- _What you will do_:
An exact copy of the lines from the top of the data through the line with "六月十六日,由北京漆寶齋錦麗" is what you should give, with no pictures in it.

===== Source material =====

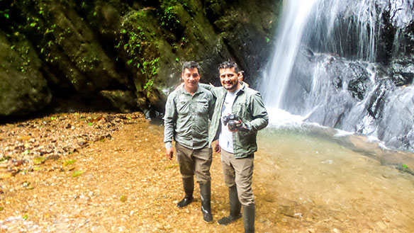 (Photo above: Mashpi Lodge’s Klever Merino (l) and Nestor Paladines stand before an area waterfall.)
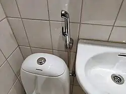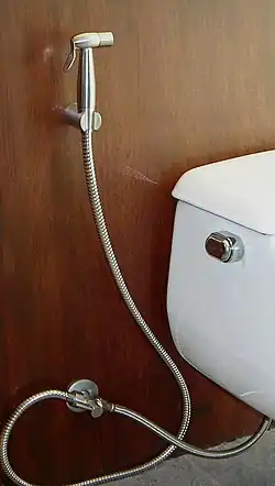 A bidet shower—also known as a handheld bidet, commode shower, toilet shower, health faucet, bum shower, jet spray, hand shower, shatafa (from the Arabic: شَطَّافَة [ʃɑtˤˈtˤɑːfɑ], "hand shower rinser"), Muslim shower (common in Pakistan) or bum gun—is a hand-held triggered nozzle that is placed near the toilet and delivers a spray of water used for anal cleansing and cleaning of the genitals after using the toilet for defecation and urination. The device is similar to that of a kitchen sink sprayer.[1]
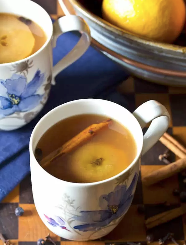 Apple Cider Wassail Made in your slow cooker with hibiscus tea, mulled cider, and fragrant herbs and spices, this booze-free beverage warms you up from the inside out. GET THE RECIPE Per serving: 207 calories, 0 g fat (0 g saturated), 50 g carbs, 39 g sugar, 14 mg sodium, 2 g fiber, 1 g protein A Spicy Perspective
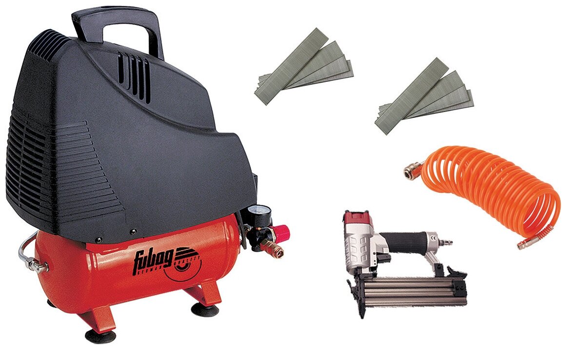 Лучшие цены. Набор пневмоинструмента WOOD MASTER KIT на базе компрессора FUBAG OL 195/6. Предназначен для проведения крепежных и других работ по дереву, а также работ, по изготовлению и ремонту мебели и деревянных строений. В комплект с компрессором входит: • Гвоздезабивной пистолет для гвоздей 50 мм • Два набора гвоздей по 1000 шт каждый • Гибкий спиральный шланг (10 м). Магазины в вашем городе.
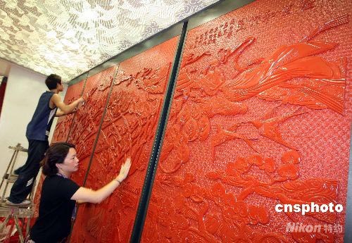 六月十六日,由北京漆寶齋錦麗漆藝工作室設(shè)計制作的奧運(yùn)主會場“鳥巢”貴賓廳“盛世和諧圖”移動式屏風(fēng)等漆藝作品設(shè)計制作基本完成,施工人員在做最后的調(diào)整與修飾。
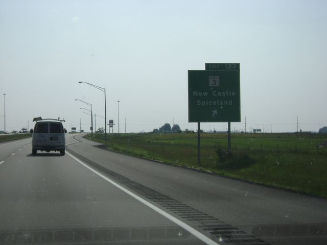 Interstate 70 East at Exit 123: IN 3 - New Castle / Spiceland (Photo taken 5/24/10). |
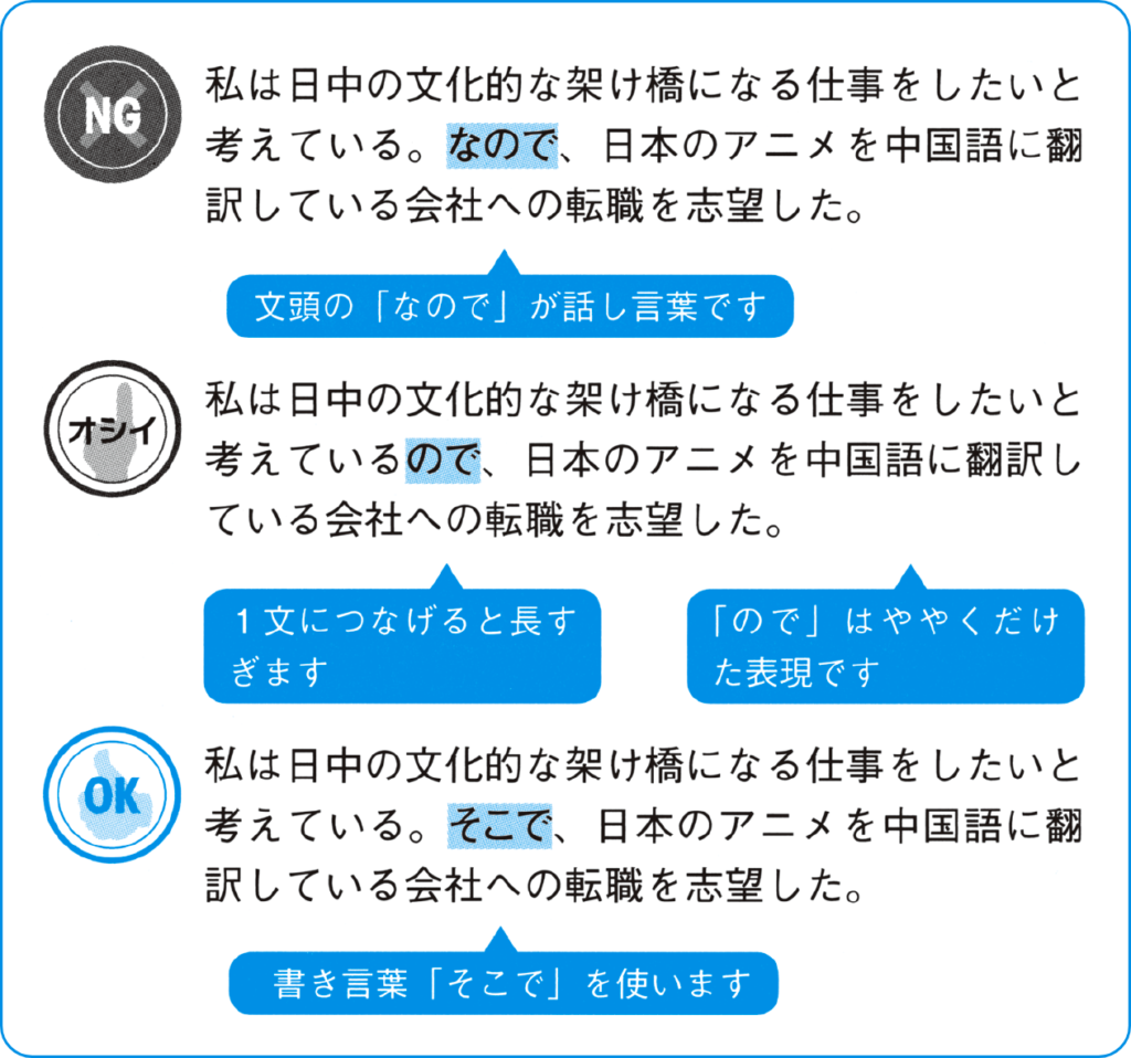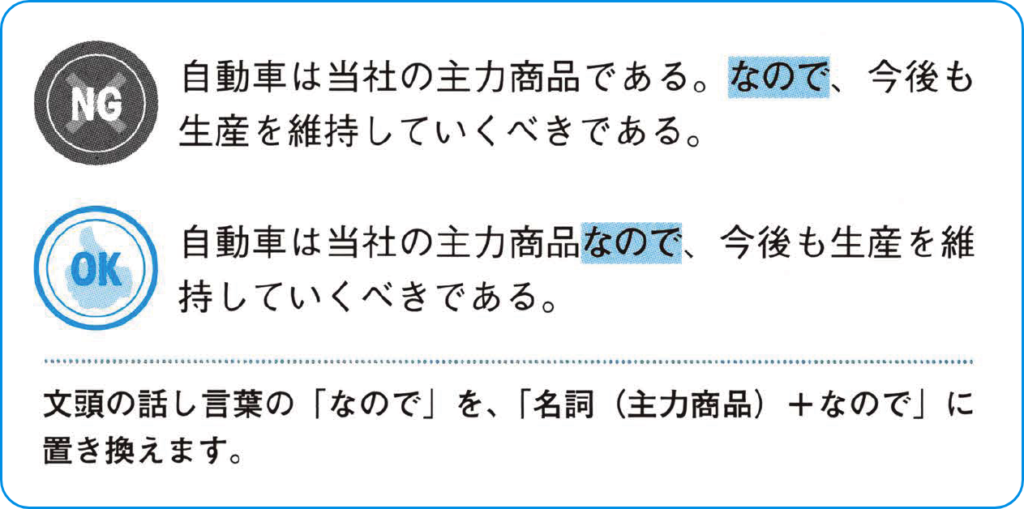 話し言葉は使わない -【文頭に「なので」「だから」は置かない】

=====

- _Solution_:
 (Photo above: Mashpi Lodge’s Klever Merino (l) and Nestor Paladines stand before an area waterfall.)
 A bidet shower—also known as a handheld bidet, commode shower, toilet shower, health faucet, bum shower, jet spray, hand shower, shatafa (from the Arabic: شَطَّافَة [ʃɑtˤˈtˤɑːfɑ], "hand shower rinser"), Muslim shower (common in Pakistan) or bum gun—is a hand-held triggered nozzle that is placed near the toilet and delivers a spray of water used for anal cleansing and cleaning of the genitals after using the toilet for defecation and urination. The device is similar to that of a kitchen sink sprayer.[1]
 Apple Cider Wassail Made in your slow cooker with hibiscus tea, mulled cider, and fragrant herbs and spices, this booze-free beverage warms you up from the inside out. GET THE RECIPE Per serving: 207 calories, 0 g fat (0 g saturated), 50 g carbs, 39 g sugar, 14 mg sodium, 2 g fiber, 1 g protein A Spicy Perspective
 Лучшие цены. Набор пневмоинструмента WOOD MASTER KIT на базе компрессора FUBAG OL 195/6. Предназначен для проведения крепежных и других работ по дереву, а также работ, по изготовлению и ремонту мебели и деревянных строений. В комплект с компрессором входит: • Гвоздезабивной пистолет для гвоздей 50 мм • Два набора гвоздей по 1000 шт каждый • Гибкий спиральный шланг (10 м). Магазины в вашем городе.
 六月十六日,由北京漆寶齋錦麗漆藝工作室設(shè)計制作的奧運(yùn)主會場“鳥巢”貴賓廳“盛世和諧圖”移動式屏風(fēng)等漆藝作品設(shè)計制作基本完成,施工人員在做最后的調(diào)整與修飾。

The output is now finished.